It would be great if everyone would warm up before class starts - but for many of my students, who get out of work at 5:00 and drive straight to class at 6:00, it's just not possible - and if there is any traffic, or issues at work that must be solved before leaving, they are often late. Therefore, the first 15-20 minutes of the 90 minutes of class are primarily stretching, with some light calisthenics to help warm and loosen muscles, to prevent injury. However, the main workout of the class does not occur during that time; it occurs during the rest of the class.

In addition, too many people don't know how to warm up - as low color belts, they do whatever the rest of the class is doing; as middle color belts, they begin to modify the stretches for their own needs; as high color belts, they begin to do other stretches that work better than the ones presented. By black belt, that changes. For senior classes (red and black belts) students are expected to be stretched and warm when the class starts - because by then they've learned how, and they know what their own particular needs are - but I, as an instructor, am not willing to risk a student injuring him/herself to avoid having warmups as part of the class. Too many of my students have started with absolutely no idea how to stretch, but they thought they did know how, so they had to be taught - slowly, over time, in class, where they can watch others, get ideas, and ask questions.

Am I going to have the chance to stretch before I am attacked? Seems highly unlikely - but at the same time, I'm not going to worry about injuries at that point either. As has been said previously in this thread, fights don't generally last very long (a few seconds, compared to 1 1/2 hours or more), and without the flexibility that comes with correctly-done stretching, injury becomes more likely.
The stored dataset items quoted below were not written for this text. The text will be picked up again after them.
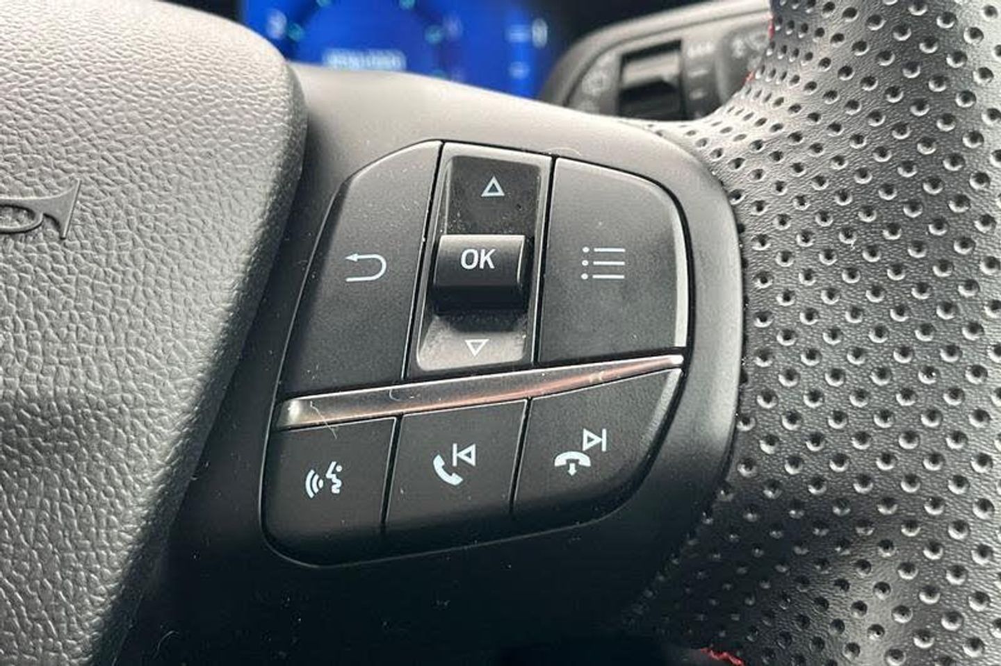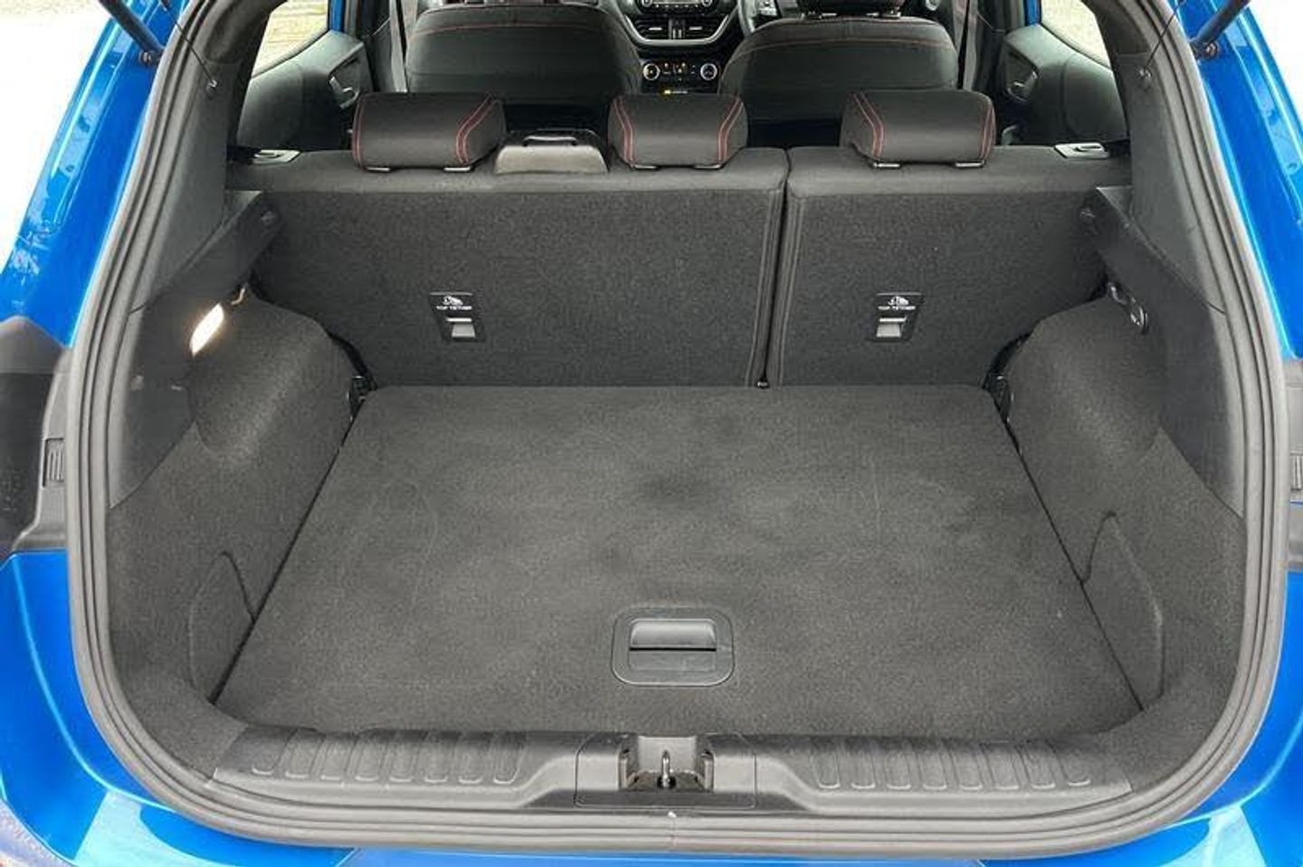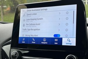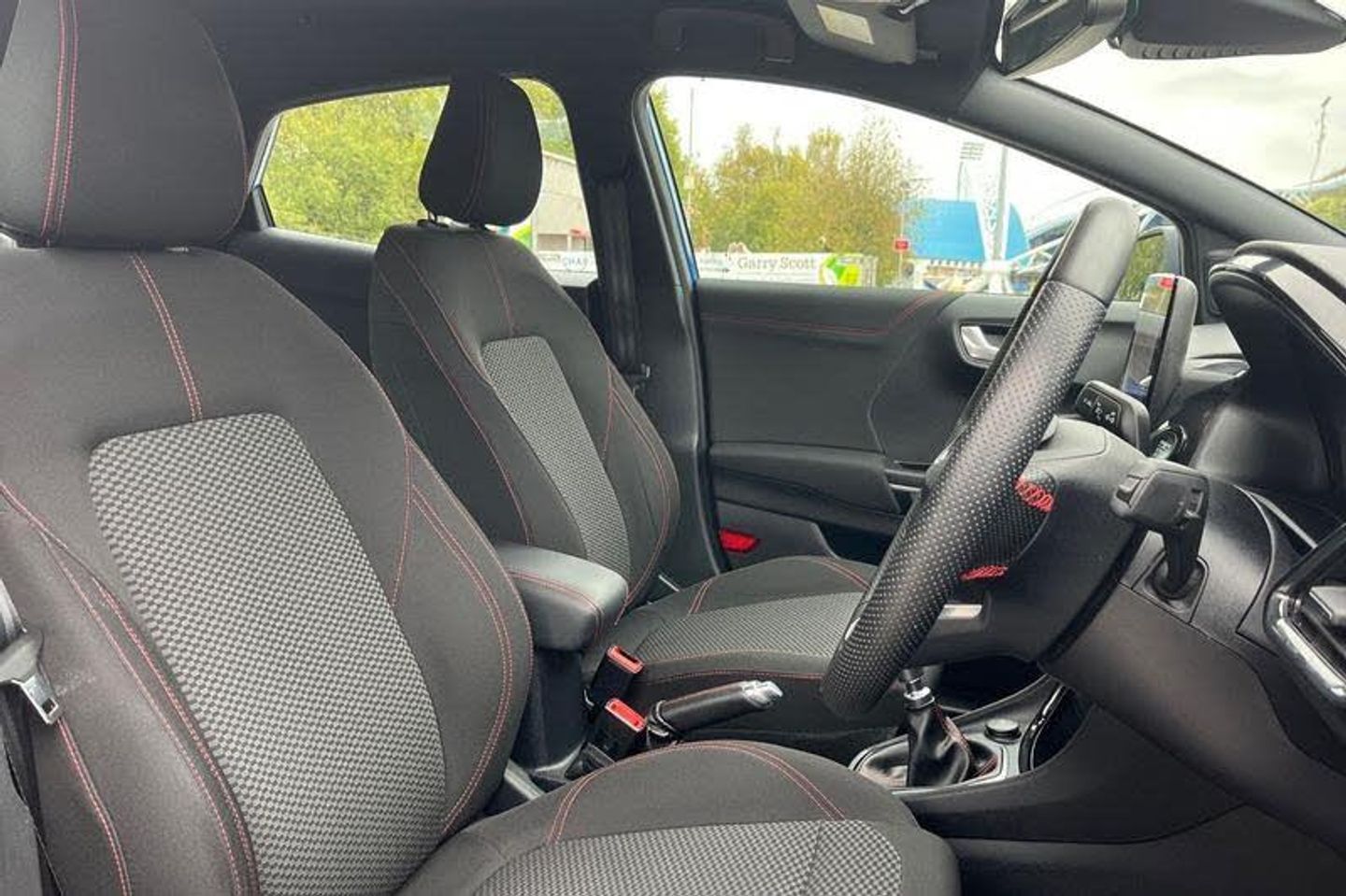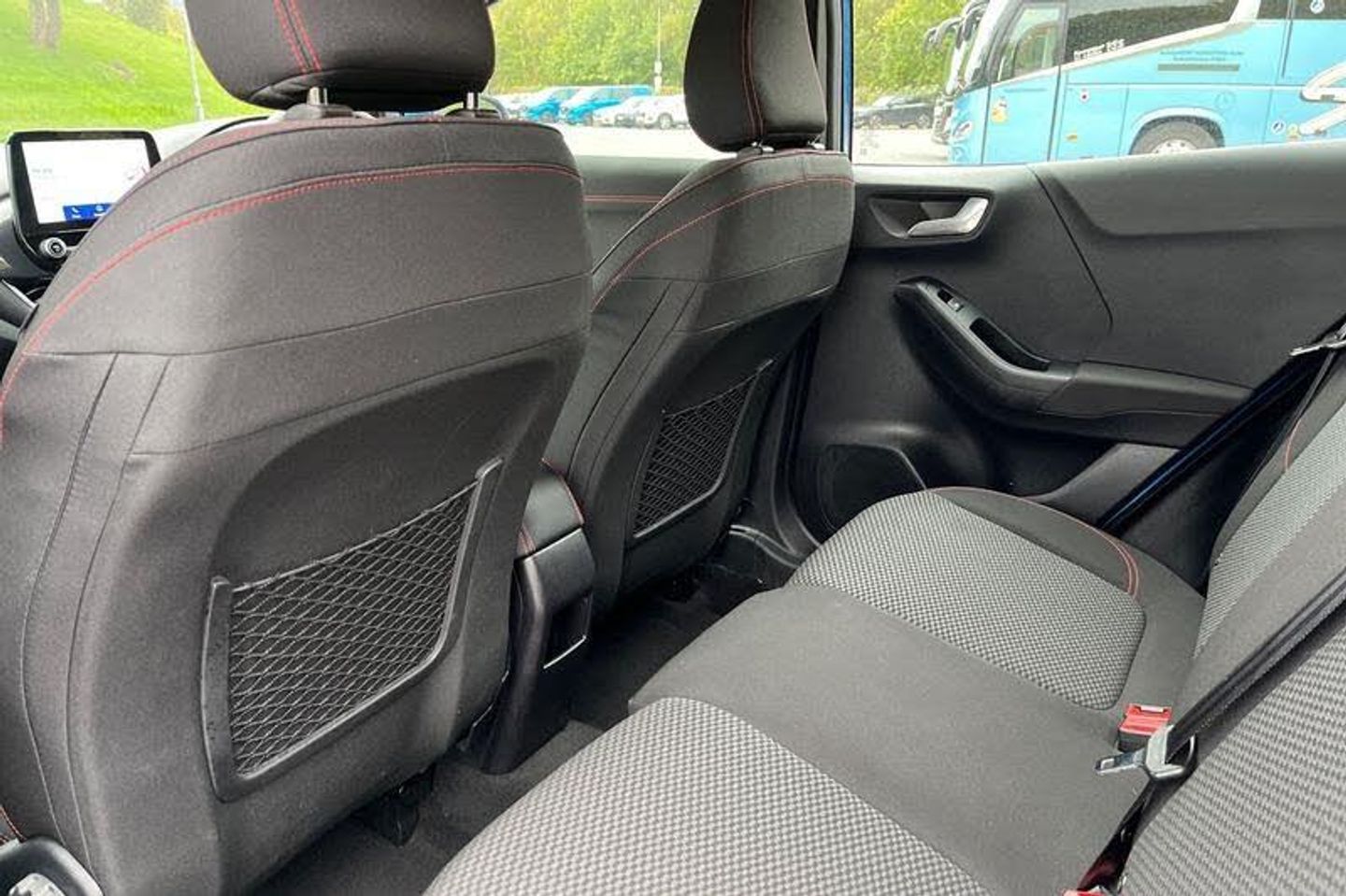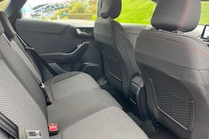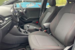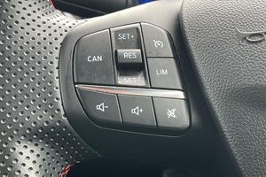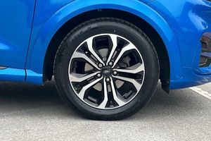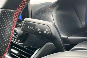 Driver impairment monitor, Emergency call service, Ford easy fuel, Full digital 12.3 instrument cluster, Lane keeping aid with lane departure warning, Power assist steering, Power start button, Rear parking sensor, Selectable drive modes(Normal, sport, Eco, trail, slippery), Speed sign recognition, Automatic headlights with auto high beam, Automatic rain sensing wipers, LED rear lamps, Power foldable heated door mirrors with puddle lamps, Projector headlamps with LED day time running lights and front fog lamps, Quickclear heated windscreen, Rear side wing doors, Rear wiper, ST-Line body styling kit with unique grille, Third brake light, 3 seat bench in 2nd row, Centre console with armrest and stowage, Ford megabox extended bootspace, Front and rear head restraints, Front floor mats, Manual 2 way passenger seat adjustment, Manual 4 way driver seat adjust with lumbar adjustment, Single front passenger seat, ST- Line cloth trim with red stitching, ST-Line flat bottomed sensico leather steering wheel with leather handbrake and aluminium gear knob, 3 rear seatbelts, Child safety lock, Electronic stability control (ESC) and hill start assist, Pedestrian/cyclist detection & post-collision braking, Pre collision assist system, Tyre pressure monitoring system (TPMS)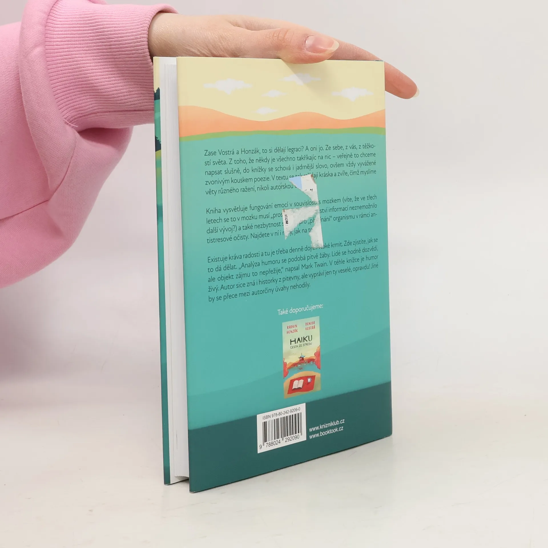 Zase Vostrá a Honzák, to si dělají legraci? A oni jo. Ze sebe, z vás, z těžkostí světa. Z toho, že někdy je všechno takříkajíc na nic – veřejně to chceme napsat slušně. Do knížky se schová i jadrnější slovo, ovšem vždy vyvážené zvonivým kouskem poezie. V textu se tak střídají kráska a zvíře, čímž myslíme věty různého ražení, nikoli autorskou dvojici.Kniha vysvětluje fungování emocí v souvislosti s mozkem (víte, že ve třech letech se to v mozku musí „prostříhat“, aby množství informací neznemožnilo další vývoj?) a také nezbytnost smíchu pro „přepínání“ organismu v rámci antistresové očisty. Najdete v ní i rady, jak na to. Existuje kráva radosti a tu je třeba denně dojit. A také krmit. V knížce zjistíte, jak se to dá dělat. „Analýza humoru se podobá pitvě žáby. Lidé se hodně dozvědí, ale objekt zájmu to nepřežije,“ napsal Mark Twain. V téhle knížce je humor živý. Autor sice zná i historky z pitevny, ale vypráví jen ty veselé, opravdu! Jiné by se přece mezi autorčiny úvahy nehodily.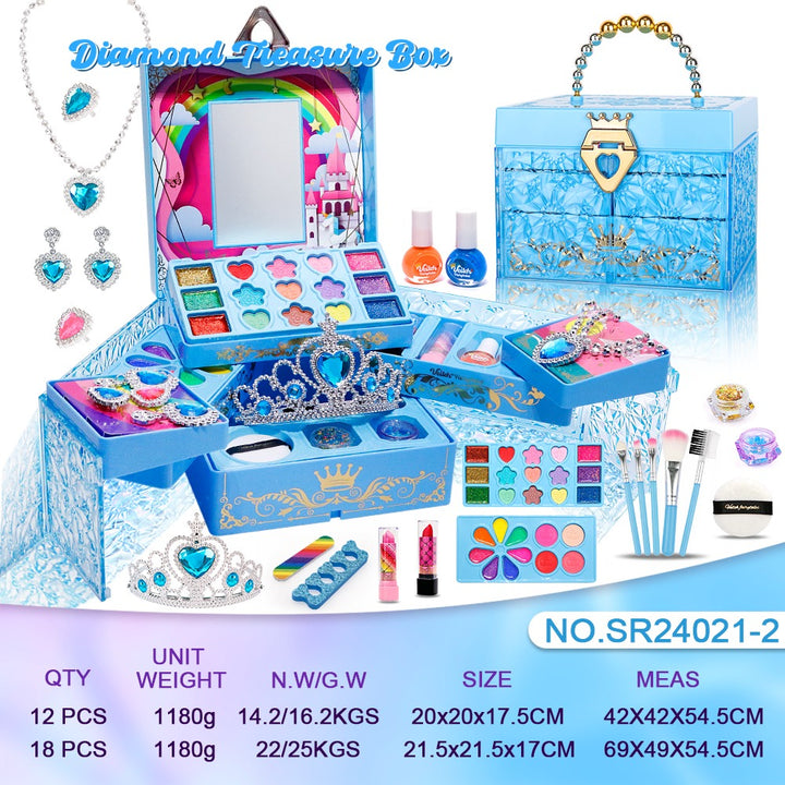 El Blue Diamond Treasure Box convierte cualquier tarde en una aventura llena de fantasía, colores y creatividad. Su diseño azul tipo cofre cristalino abre compartimentos mágicos donde tu niña encontrará sombras, glitter, esmaltes, labiales, brochas, joyería infantil y una corona azul digna de una princesa real.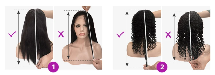 1/длина прямых волос парика должна быть измерена длиной от вращения головы до самых длинных волос в нижней части2/длина Волнистых Волос Парика должна быть растянута, чтобы прямой, чтобы измерить длину.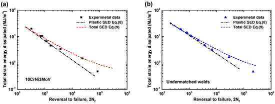The total strain energy density against the number of reversals to failure for base metal and its undermatched welds are compared in Figure 14. The difference of fatigue behaviors under different total strain energy density amplitudes between the two materials is obvious. Similar with the fatigue assessment of plastic strain energy density, the undermatched weld metal demonstrates better fatigue properties than base metal, even though the cyclic strength of weld metal is lower than base metal. Figure 15 depicts the comparison of total strain energy density based on Equations (8) and (9) for the two materials. The fitting function of Equation (9) has shown good agreement with the experimental observations. Moreover, it is not only suitable for low cycle fatigue but for high cycle fatigue, even can illustrate the mean stress effect. For some complicated components, such as notch components, it has more widely used to assess the fatigue behavior considering stress concentration phenomenon.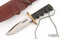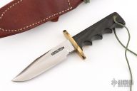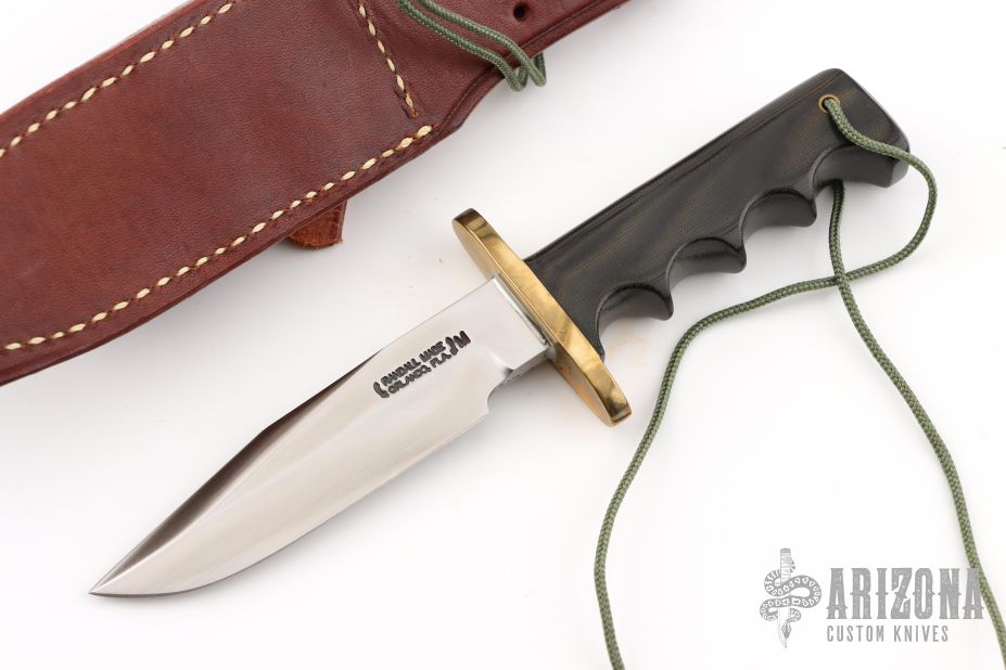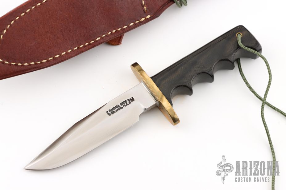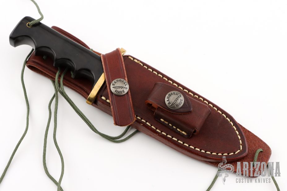 This is a miniature version of Randall's Model 14 Attack. The Model 14 was designed to meet the demand for an almost indestructible all-purpose knife, though it is especially suited for combat and survival purposes. #1092. Satin finished blade with sharpened top edge, .169" blade stock and .844" blade depth, full tang construction. The handle has a brass guard and black linen micarta grip, lanyard hole at the butt. Comes with original brown leather sheath and Randall zippered case. Excellent Condition.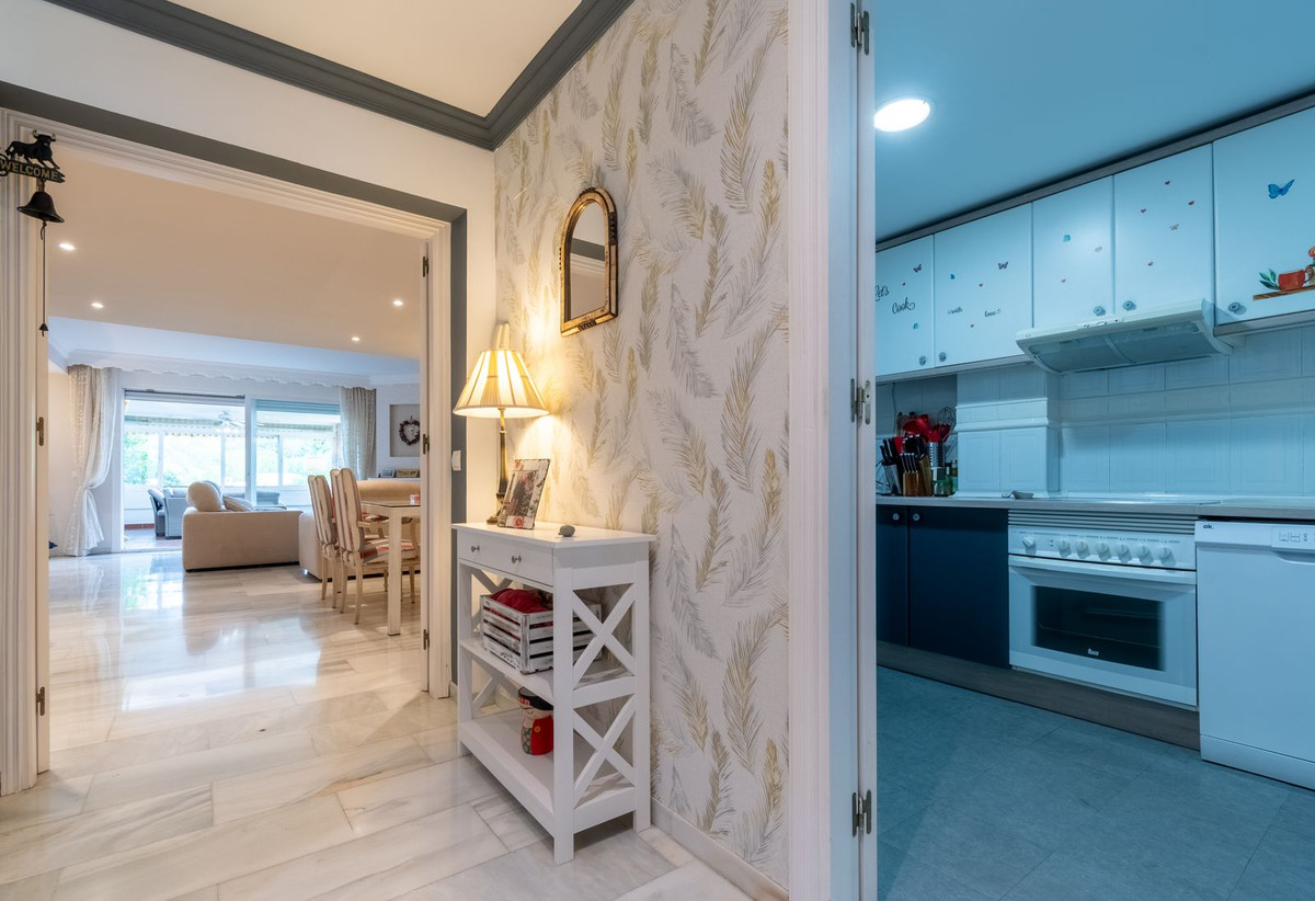 In addition to the solarium, there is a 30 m² enclosed winter terrace with views of La Concha, the communal swimming pool, and a lush pine grove. The property includes both a private underground parking space and an exterior parking area.

Calisthenics are a different issue. Yes, part of class warmups may be running in place, or jumping jacks, or situps - but it's not a big part, and it's more for warming up muscles than increasing strength or endurance; that is done during the class, in line drills, patterns, and sparring. I understand the original concern, that calisthenics/conditioning was occurring in place of MA training, instead of through MA training, and I agree with it - but I see that as separate from the issue of stretching.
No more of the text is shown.